At elevations below treeline (1200 m a. s. l.), white spruce forests predominate with black spruce occurring in the poorer drained areas. Deciduous trees, though not as abundant, include aspen, balsam poplar and paper birch. Frequently, forests and stream banks are interspersed with sedge meadows. Shrub birch and willows are predominant in the subalpine regions.

Historically, Aishihik Lake was a major gathering place and settlement area for the Southern Tutchone people whose subsistence needs were in part fulfilled through fishing the resources of Aishihik Lake. The principal settlement, Aishihik Village, was located at the north end of the lake.

During the construction of the Alaska Highway (during WW II), an airport was maintained at Aishihik, near the village. Many of the Indian residents died as a result of disease outbreaks (influenza, measles, pneumonia).

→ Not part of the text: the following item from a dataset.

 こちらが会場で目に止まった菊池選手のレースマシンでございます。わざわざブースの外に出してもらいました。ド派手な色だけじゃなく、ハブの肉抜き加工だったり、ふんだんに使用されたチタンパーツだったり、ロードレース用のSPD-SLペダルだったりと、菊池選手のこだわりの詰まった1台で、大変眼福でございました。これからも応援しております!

Although the inhabitants of the Aishihik Lake area had moved by the mid 1960's to be closer to medical and educational support in Haines Junction, the area still provides an important food fishery to the members of the Champagne/Aishihik Band (located in Haines Junction). Resource use will likely increase in future years as the interest of Indian people in maintaining traditional lifestyles continues to rise. As well, improved access resulting from the construction of a flow control dam in the mid 1970's at the outlet of Aishihik Lake, continues to enhance the recreational fishing opportunities at Aishihik Lake.

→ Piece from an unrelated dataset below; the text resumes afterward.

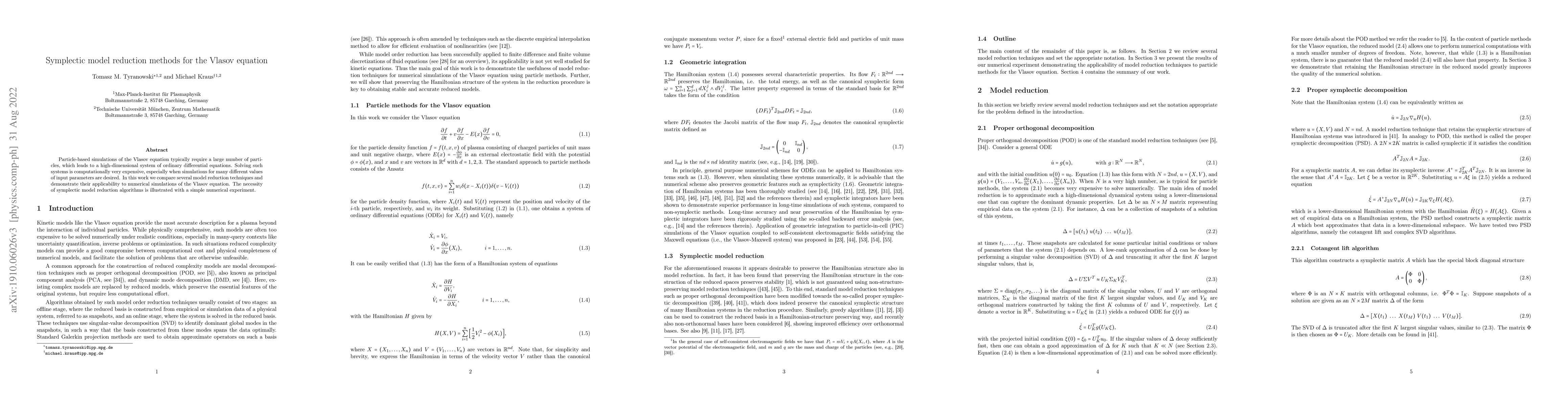 This paper explores model reduction techniques for the Vlasov equation, which is computationally intensive due to its high-dimensional nature. The study compares various symplectic methods and demonstrates their effectiveness through a numerical experiment, highlighting the importance of these algorithms for efficient simulations.

The Aishihik River Power Development Project commenced in 1972 and involved the construction of flow control dams at the outlet of Aishihik and Canyon Lakes, a power canal from the outlet of Canyon Lake and an underground power generating station (30 megawatts). During the power project construction period, numerous studies were conducted on lake limnology and stream characteristics by the Federal Department of Environment-Fisheries and Marine Service to attempt to document pre-impact baseline information. Most of the limnological information in this summary originates from these studies (Q).